## Activity:
Your copy must hold all of the data below, unchanged and without images.

———

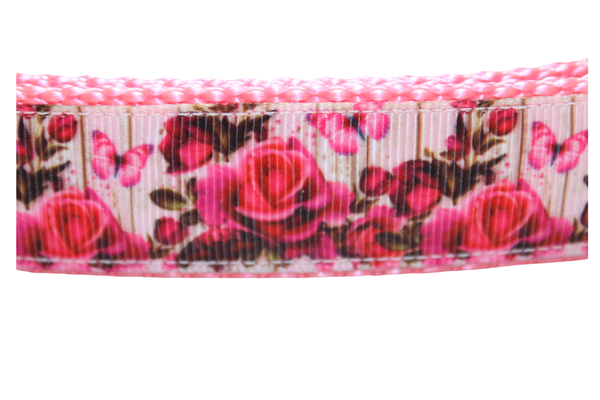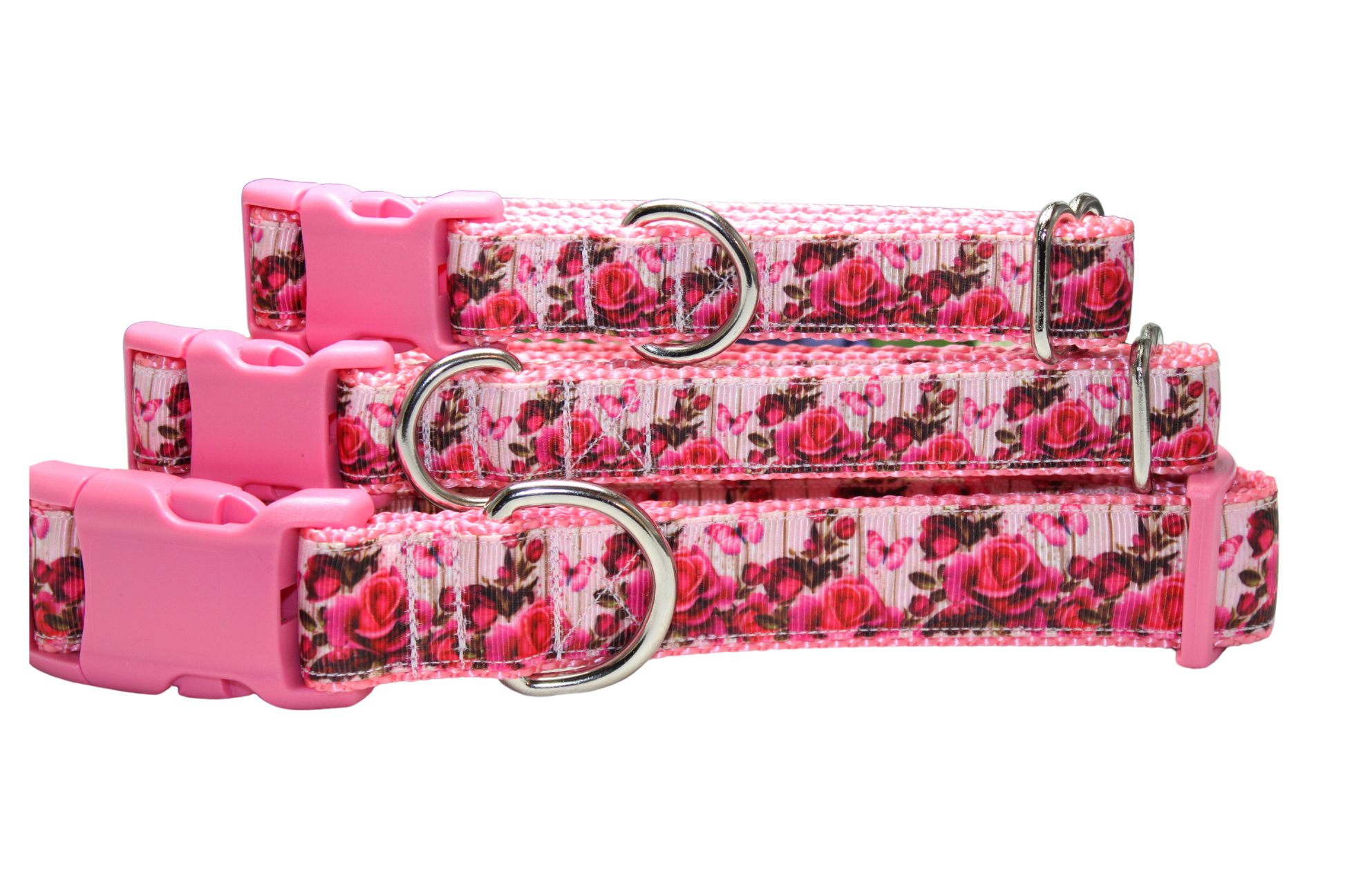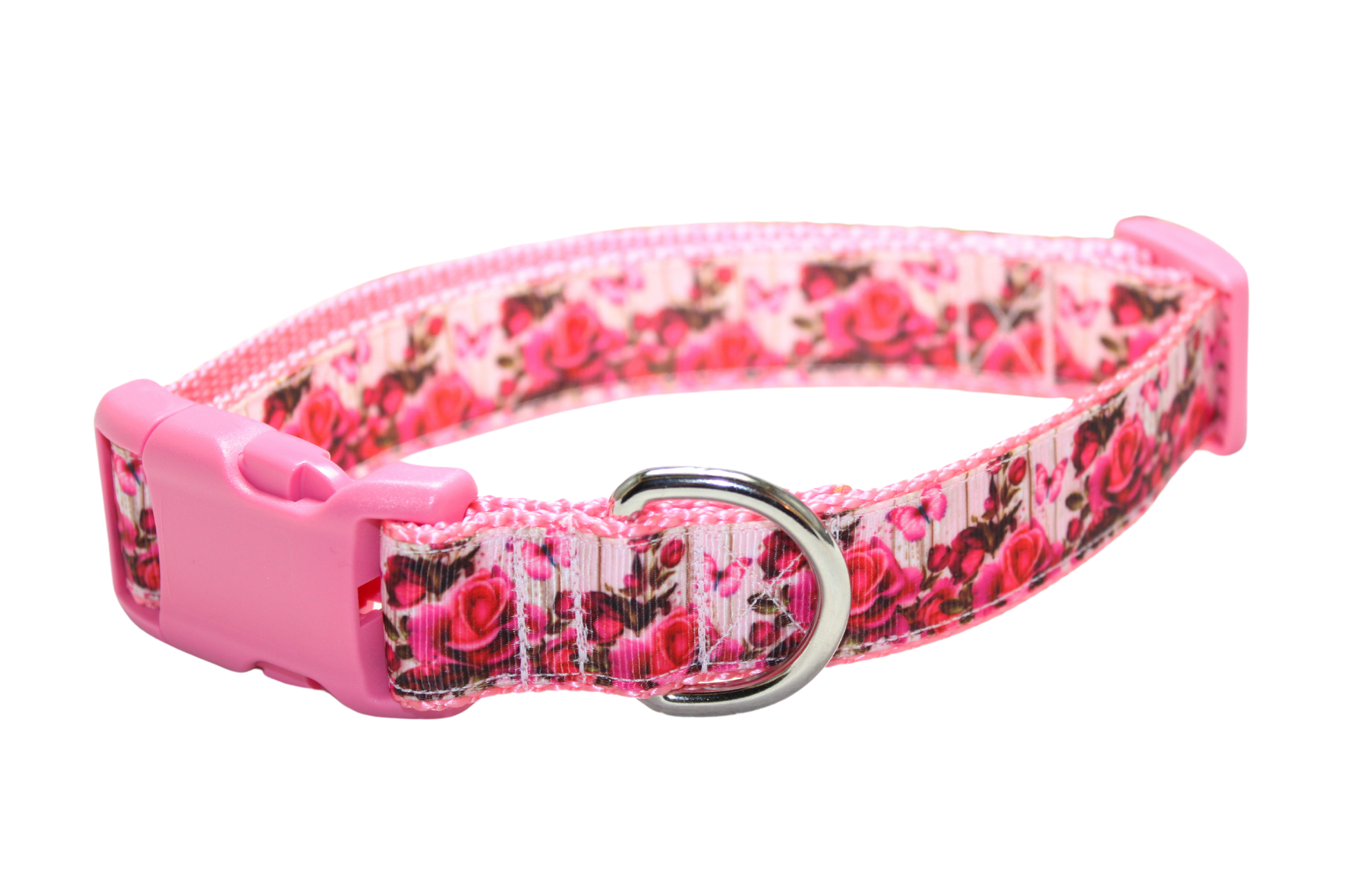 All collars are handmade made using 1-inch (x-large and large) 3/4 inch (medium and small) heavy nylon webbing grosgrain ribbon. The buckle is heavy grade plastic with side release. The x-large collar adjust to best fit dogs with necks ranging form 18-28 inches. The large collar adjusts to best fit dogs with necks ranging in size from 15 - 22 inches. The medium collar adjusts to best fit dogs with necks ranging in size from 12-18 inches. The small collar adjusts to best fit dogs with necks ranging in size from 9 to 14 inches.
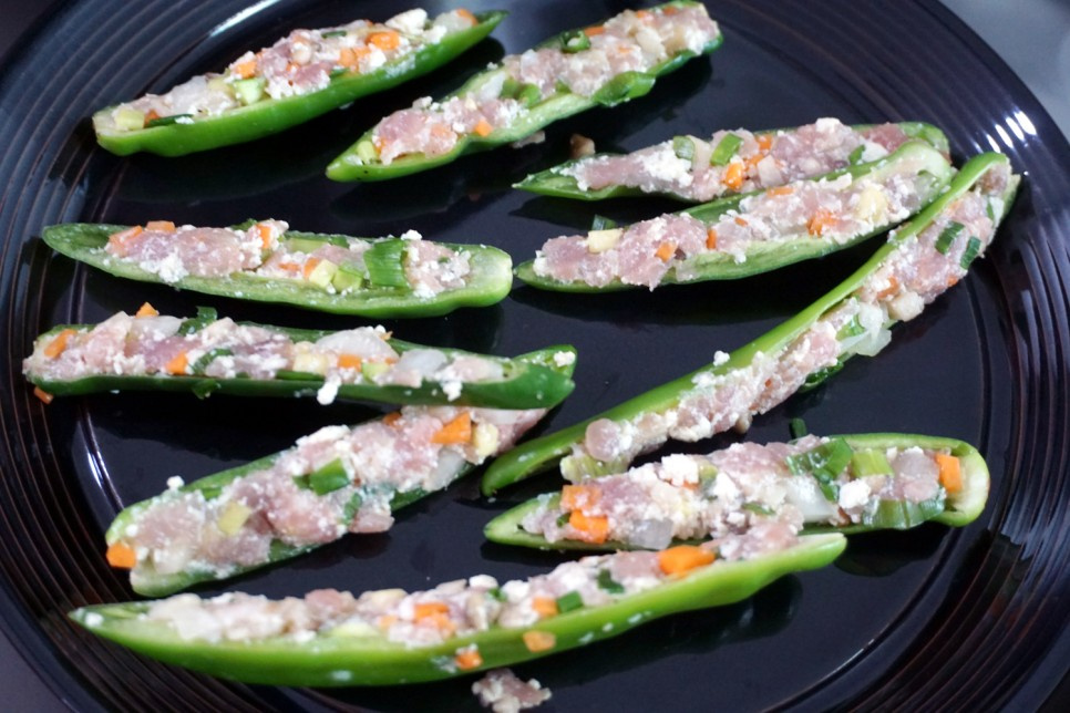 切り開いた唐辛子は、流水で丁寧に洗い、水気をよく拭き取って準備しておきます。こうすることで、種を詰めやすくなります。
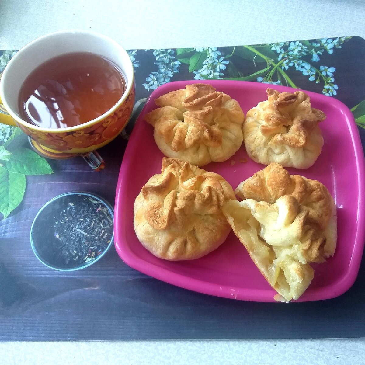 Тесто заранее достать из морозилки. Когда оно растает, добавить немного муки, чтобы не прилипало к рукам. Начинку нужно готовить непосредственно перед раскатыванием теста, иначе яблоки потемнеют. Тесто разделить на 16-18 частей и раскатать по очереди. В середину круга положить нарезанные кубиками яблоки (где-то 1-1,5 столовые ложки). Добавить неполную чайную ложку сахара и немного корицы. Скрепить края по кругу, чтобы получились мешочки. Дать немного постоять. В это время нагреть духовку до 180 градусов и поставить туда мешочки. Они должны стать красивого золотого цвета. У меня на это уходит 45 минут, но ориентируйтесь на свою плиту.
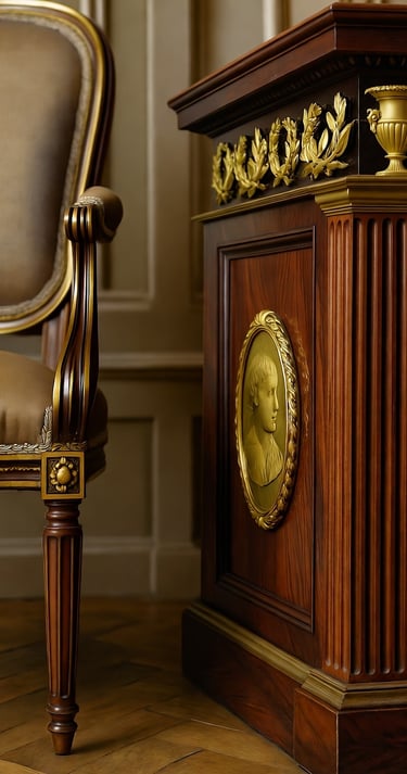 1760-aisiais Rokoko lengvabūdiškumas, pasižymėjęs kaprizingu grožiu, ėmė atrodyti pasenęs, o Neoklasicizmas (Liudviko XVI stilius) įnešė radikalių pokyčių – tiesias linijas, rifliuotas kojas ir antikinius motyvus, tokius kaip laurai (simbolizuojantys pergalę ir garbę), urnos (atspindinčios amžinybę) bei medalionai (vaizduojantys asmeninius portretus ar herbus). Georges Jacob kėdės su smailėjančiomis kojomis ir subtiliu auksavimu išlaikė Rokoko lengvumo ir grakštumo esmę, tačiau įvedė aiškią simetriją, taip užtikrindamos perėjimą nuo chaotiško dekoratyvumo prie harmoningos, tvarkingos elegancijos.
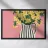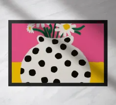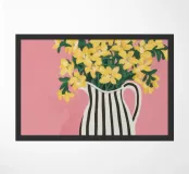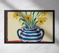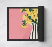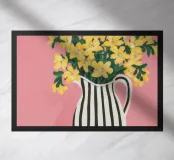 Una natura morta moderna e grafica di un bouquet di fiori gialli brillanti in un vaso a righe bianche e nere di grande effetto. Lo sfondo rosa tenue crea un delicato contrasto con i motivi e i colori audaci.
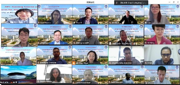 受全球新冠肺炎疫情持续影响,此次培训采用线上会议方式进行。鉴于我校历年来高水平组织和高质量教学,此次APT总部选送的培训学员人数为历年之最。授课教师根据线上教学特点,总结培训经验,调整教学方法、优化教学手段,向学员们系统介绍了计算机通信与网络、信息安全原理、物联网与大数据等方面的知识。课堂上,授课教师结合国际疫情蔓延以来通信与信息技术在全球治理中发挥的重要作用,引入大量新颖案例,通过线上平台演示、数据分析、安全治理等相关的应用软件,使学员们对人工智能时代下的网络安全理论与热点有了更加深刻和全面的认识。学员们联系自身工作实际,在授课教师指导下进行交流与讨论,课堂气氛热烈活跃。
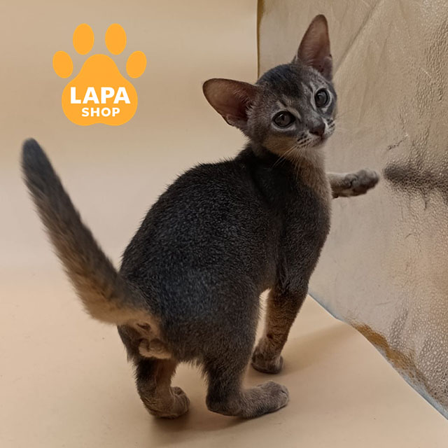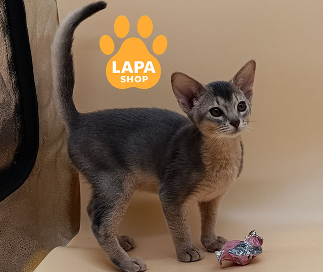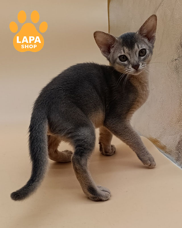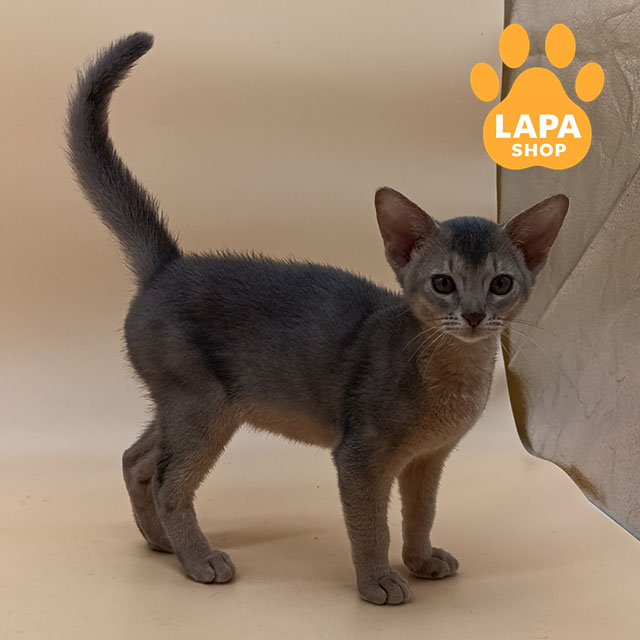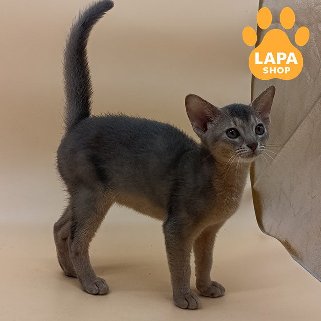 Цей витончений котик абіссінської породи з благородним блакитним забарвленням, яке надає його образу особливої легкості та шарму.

———

## Task output:
 All collars are handmade made using 1-inch (x-large and large) 3/4 inch (medium and small) heavy nylon webbing grosgrain ribbon. The buckle is heavy grade plastic with side release. The x-large collar adjust to best fit dogs with necks ranging form 18-28 inches. The large collar adjusts to best fit dogs with necks ranging in size from 15 - 22 inches. The medium collar adjusts to best fit dogs with necks ranging in size from 12-18 inches. The small collar adjusts to best fit dogs with necks ranging in size from 9 to 14 inches.
 切り開いた唐辛子は、流水で丁寧に洗い、水気をよく拭き取って準備しておきます。こうすることで、種を詰めやすくなります。
 Тесто заранее достать из морозилки. Когда оно растает, добавить немного муки, чтобы не прилипало к рукам. Начинку нужно готовить непосредственно перед раскатыванием теста, иначе яблоки потемнеют. Тесто разделить на 16-18 частей и раскатать по очереди. В середину круга положить нарезанные кубиками яблоки (где-то 1-1,5 столовые ложки). Добавить неполную чайную ложку сахара и немного корицы. Скрепить края по кругу, чтобы получились мешочки. Дать немного постоять. В это время нагреть духовку до 180 градусов и поставить туда мешочки. Они должны стать красивого золотого цвета. У меня на это уходит 45 минут, но ориентируйтесь на свою плиту.
 1760-aisiais Rokoko lengvabūdiškumas, pasižymėjęs kaprizingu grožiu, ėmė atrodyti pasenęs, o Neoklasicizmas (Liudviko XVI stilius) įnešė radikalių pokyčių – tiesias linijas, rifliuotas kojas ir antikinius motyvus, tokius kaip laurai (simbolizuojantys pergalę ir garbę), urnos (atspindinčios amžinybę) bei medalionai (vaizduojantys asmeninius portretus ar herbus). Georges Jacob kėdės su smailėjančiomis kojomis ir subtiliu auksavimu išlaikė Rokoko lengvumo ir grakštumo esmę, tačiau įvedė aiškią simetriją, taip užtikrindamos perėjimą nuo chaotiško dekoratyvumo prie harmoningos, tvarkingos elegancijos.
 Una natura morta moderna e grafica di un bouquet di fiori gialli brillanti in un vaso a righe bianche e nere di grande effetto. Lo sfondo rosa tenue crea un delicato contrasto con i motivi e i colori audaci.
 受全球新冠肺炎疫情持续影响,此次培训采用线上会议方式进行。鉴于我校历年来高水平组织和高质量教学,此次APT总部选送的培训学员人数为历年之最。授课教师根据线上教学特点,总结培训经验,调整教学方法、优化教学手段,向学员们系统介绍了计算机通信与网络、信息安全原理、物联网与大数据等方面的知识。课堂上,授课教师结合国际疫情蔓延以来通信与信息技术在全球治理中发挥的重要作用,引入大量新颖案例,通过线上平台演示、数据分析、安全治理等相关的应用软件,使学员们对人工智能时代下的网络安全理论与热点有了更加深刻和全面的认识。学员们联系自身工作实际,在授课教师指导下进行交流与讨论,课堂气氛热烈活跃。
 Цей витончений котик абіссінської породи з благородним блакитним забарвленням, яке надає його образу особливої легкості та шарму.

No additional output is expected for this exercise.